Article Preview
TopIntroduction
Chronic Obstructive Pulmonary Disease (COPD) is characterised by airflow limitation, which is not fully reversible. The causes are largely attributed to inhaling tobacco smoke, occupational exposure to dust and chemicals, and indoor and outdoor pollution (Rabe et al., 2007). COPD is a major public health problem and is the only one of the top five causes of death in the first world that is still rising. It is predicted to become the third leading cause of death by 2030, according to a study published by the World Bank/World Health Organization (WHO, 2008), and accounts for much chronic illness and morbidity. Yet, the Global initiative Obstructive Lung Disease (GOLD) report by Rabe et al., (2007) admits that COPD remains relatively unknown or ignored by the public as well as public health and government officials.
The current diagnosis of COPD is based on reported symptoms, patient’s medical history (particularly exposure to risk factors), clinical examination, and then confirming lung air-flow obstruction (spirometry) where Forced Expiratory Volume in 1 second (FEV1) divided by Forced Vital Capacity is less than 0.80 and FEV1 predicted is less than 0.7 . (Rabe et al., 2007)
Developing accurate and reliable automatic tests for early diagnosis of COPD is crucial for disease management as removing risk factors and early inhaled treatments has been shown to prevent progression, chronic ill health and premature death. (Rabe et al., 2007).

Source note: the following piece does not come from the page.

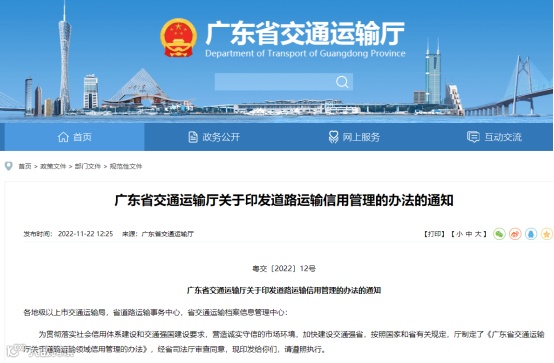 《广东省交通运输厅关于道路运输领域信用管理的办法》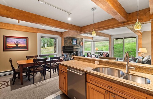 This charming, slope-side condo features an open floor plan that conveniently combines the kitchen, living room, and dining area. The kitchen comes fully equipped with modern stainless steel appliances, utensils, gorgeous granite countertops, and plenty of space. The dining table accommodates six people. The main living area offers beautiful mountain views, a wood-burning fireplace, and flat-screen TV. Guests will also enjoy the mountain side outdoor patio equipped with a gas grill.

The current main test, spirometry, is effort dependent and often performed poorly. It can lead to over diagnosis in the young and underdiagnosis in the elderly. Moreover, it has not been validated in ethnic minorities. (Rabe, 2007). The quest for a reliable biomarker in COPD is ongoing.
The smell of breath has long been linked with illness or physical conditions. Can volatile organic compounds (VOCs), measured from the exhaled breath, be used to identify COPD? Following on from Pauling's (1971) initial description of around 200 volatile organic compounds (VOCs) in exhaled breath, the trapping, detection and analysis of breath VOCs have been further developed. VOC analysis has been used to distinguish smokers from non-smokers (van Berkel et al., 2008), recognition of asthma (Ibrahim et al., 2011; Fens et al., 2009), lung cancer (Ulanowska et al., 2011; Machado et al., 2005; Philips et al., 2003; Bajtarevic et al., 2010, Barkar 2006) and tuberculosis (Phillips et al., 2007). Diagnosis of COPD from VOCs has also been attempted (Basanta et al., 2010, Fend et al., 2009, Van Berkel et al., 2010, Philips et al., 2012).
Here we study the diagnostic potential of the chemical signature of the exhaled breath for distinguishing between patients with COPD and healthy controls. We apply a large collection of state-of-the-art classification methods developed within the areas of pattern recognition, machine learning and data mining, with a special focus on classifier ensembles. We applied these methods to the largest data set so far derived from our previous work (Philips et al., 2012). We demonstrate that the ensemble methods are superior to the individual classifier methods, resulting in better classification accuracy, F measure and the area under the ROC curve (AUC).